Après Les Chapieux c’est de nouveau une montée vers le Col de la Seigne. Je crois que c’est là que mon cousin Patrice avait perdu son appareil photo 35 ans auparavant. Il y avait beaucoup de neige à ce col début juillet 1982. En 2017 un fin manteau blanc recouvre la montagne, le chemin est en gadoue. C’est le lever du jour, c’est beau mais on est encore dans les nuages.

On devait ensuite aller chercher le col des Pyramides Calcaires mais ce passage a été retiré de l’édition 2017 par l’organisation. D’après Ben qui a reconnu ce coin ce n’est pas une grande perte, ça aurait du se passer dans des schistes pourris d’après ce que j’ai compris.

Dans la descente dans le Val Vény vers le lac Combal, au petit matin, on croise 2 africains qui montent vers le col dans la montagne enneigée. Une jeune femme suivie à quelques mètres par un jeune homme. Ils sont bien habillés, ne semblent pas souffrir du froid et ont l’air heureux. J’imagine que ce sont des migrants ayant fui un pauvre pays africains pour une terre promise qui ne fera sans doute que les décevoir. Je pense à tout ces morts sur les bateaux en méditerranée, à moi qui ne fait rien pour que rien ne change, au fait que je me fais plaisir dans les montagnes tandis que tant de choses partent en vrille. Je me dis que c’est stupide de faire le tour du Mont Blanc. De partir d’un endroit pour y revenir 1 ou 2 jours plus tard. On gâche notre vitalité dans l’exercice. Eux les migrants sont des vrais hérauts des temps moderne, eux au moins utilisent leur énergie et leurs capacité physique pour une épopée beaucoup plus dangereuse et utile qu’une course dans les montagne. Pourtant ce sont les mêmes muscles que nous utilisons les uns et les autres.  L’UTMB est à la migration ce que la masturbation est à la procréation.

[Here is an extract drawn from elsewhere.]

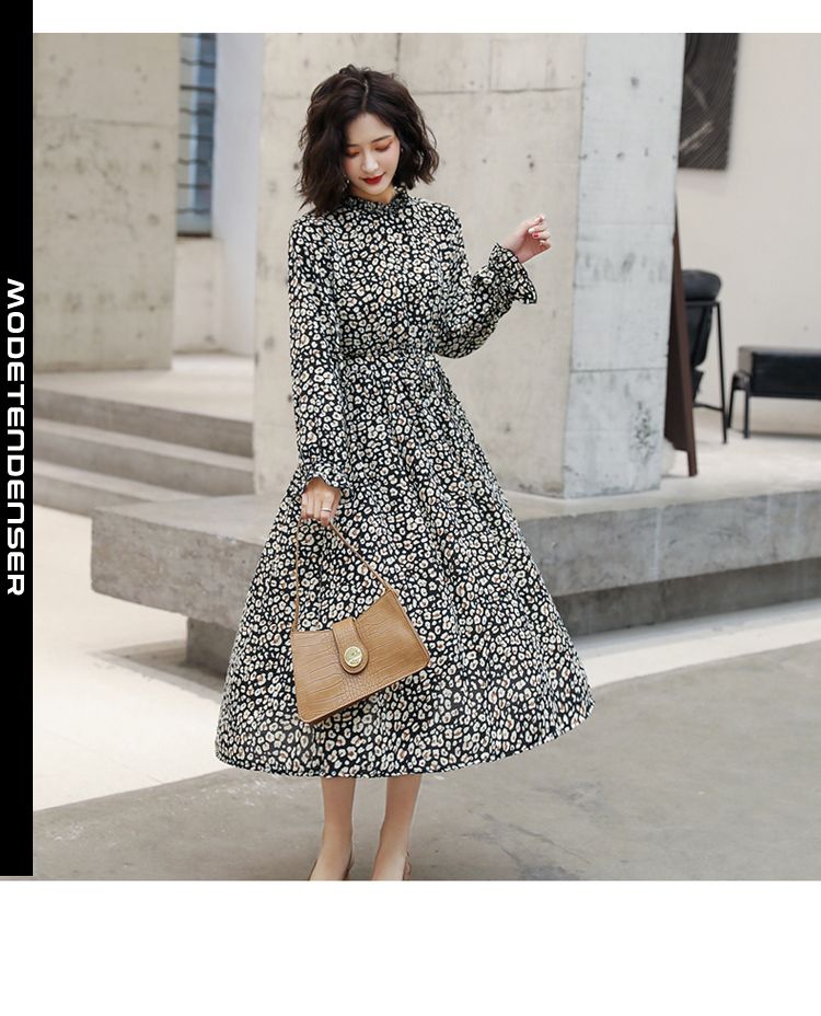 blomstret kvindekjole forår og sommer ny langærmet elegant sort

Peu avant le ravito du lac Combal je fais un bout de chemin avec Jérémie (dossard 769 – fin en 38h23). C’est une des rares rencontre que j’aurai faite sur cette longue course. C’est paradoxal mais plus il y a de monde moins on fait de rencontre. Le fait que les 3/4 des gars ne parlent pas français n’arrange pas de ce point de vue là.

Cette vallée du Val Vény est très jolie, je reconnais le refuge Elisabetta et malheureusement on ne voit rien du Mont-Blanc à cause des nuages.

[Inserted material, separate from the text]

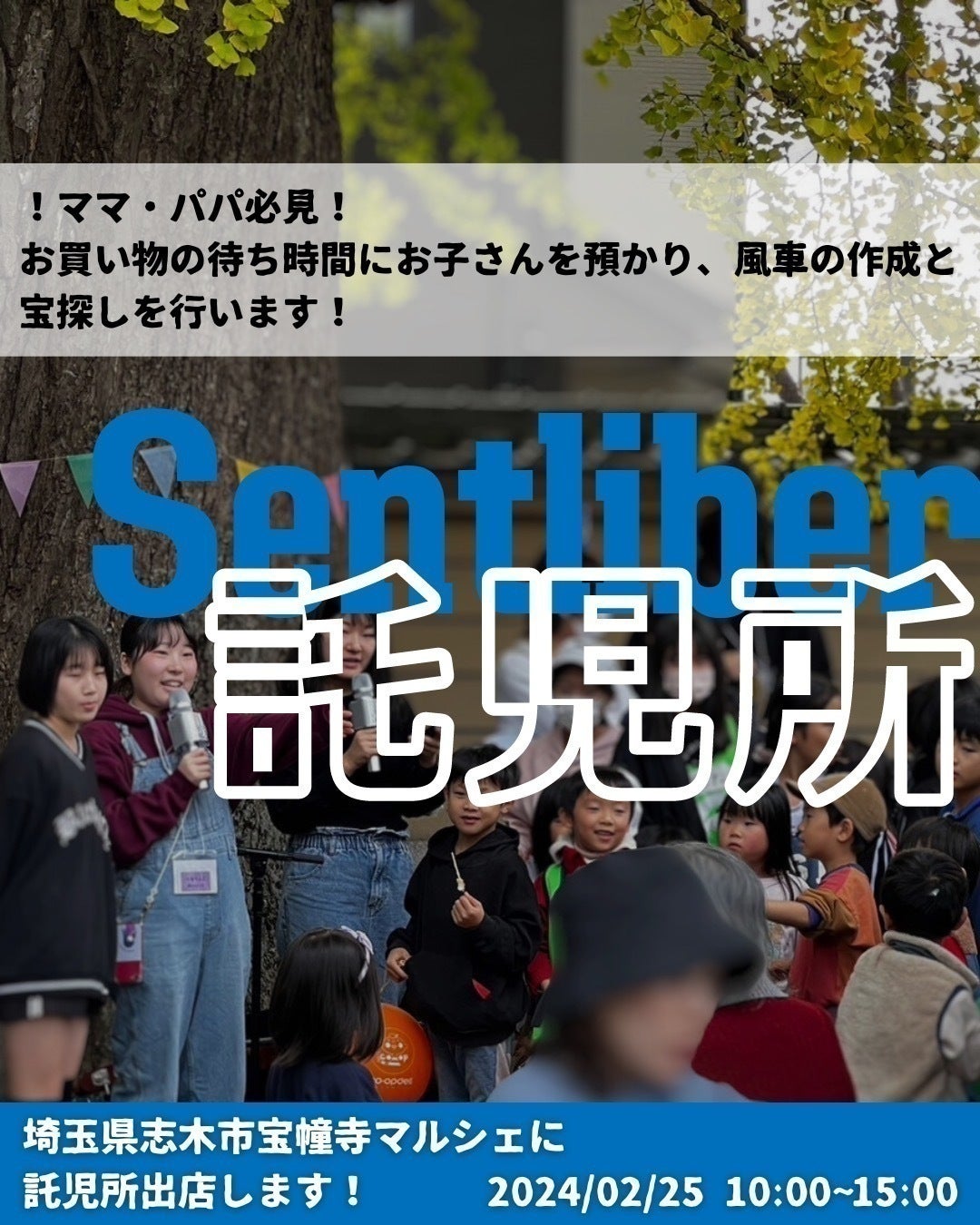 今回、私たちは埼玉県志木市宝幢寺で開催される「宝幢寺マルシェ」に託児所を出店します!私たちは今回で4回目の出店になります。マルシェには普段街で活動している教育系の団体やキッチンカーなどがきて食べ物や雑貨などを販売しています。毎年、マルシェ自体への来場者も増えており、店舗はいつも行列です。小さな子供は列に並ぶのが疲れてしまったり、じっとしていられないことがあります。そのため、私たちはお母さん・お父さんが安心してお買い物をすることができるように、小学生以下の子どもたちを預かる託児所を出店します。また、その間に子供達には風車作りや宝探しをしてもらい、体験格差にも貢献していく予定です。

Lors de la montée vers l’Arête du Mont Favre je cherche des yeux la pierre sur laquelle mon père s’était posé 35 ans plus tôt. C’est dingue mais je suis sur d’avoir revu cette pierre. Le paysage est tel que je m’en souviens, il y avait un très grand nez de glacier dans la vallée, un gros amas de cailloux avec un refuge dessus. La pierre se trouve près d’une bergerie en ruine dont je ne me souvenais pas. Pour mon père on était là dans la montée vers le Checrouit alors qu’en fait le Checrouit n’est franchi que plusieurs kilomètres plus loin. J’hésite à faire une photo de cette pierre mais je ne la fais pas, je ne sais pas pourquoi, peut-être que c’est parce que je suis en course ? Peut-être que parce que mon souvenir et ma mémoire n’ont pas besoin de pixels au fond du silicium de mon smartphone ? Pour moi c’est un moment d’émotion forte en tout cas la vision de ce cailloux. Je médite sur le temps qui passe, mon père est parti mais le cailloux est toujours là. Avant on croyait que la nature était plus forte que l’homme et maintenant on doit se rendre à l’évidence, l’homme est plus fort que la nature, il est en train de tout gâcher. On brûle la chandelle par les 2 bouts et moi aussi je le fais. Je continue.

La descente vers Courmayeur est pénible, elle l’était déjà en 1982 et ça ne s’est pas arrangé.

A Courmayeur j’arrive avec environ 3 heures d’avance sur la barrière horaire. Je suis confiant. On a là l’occasion de récupérer un sac avec des affaires propres. J’ai mis dans ce sac une power bank pour recharger ma montre et mon téléphone, je ne me change pas car j’ai déjà mes meilleurs vêtements sur moi, je garde même mes chaussettes en mérinos car même si elles sont dégoûtantes elles sont chaudes et ne frottent pas, je remet de la crème NOK sur mes pieds et sur différentes parties intimes qui ont déjà eu l’occasion de me faire souffrir lors de précédents ultras.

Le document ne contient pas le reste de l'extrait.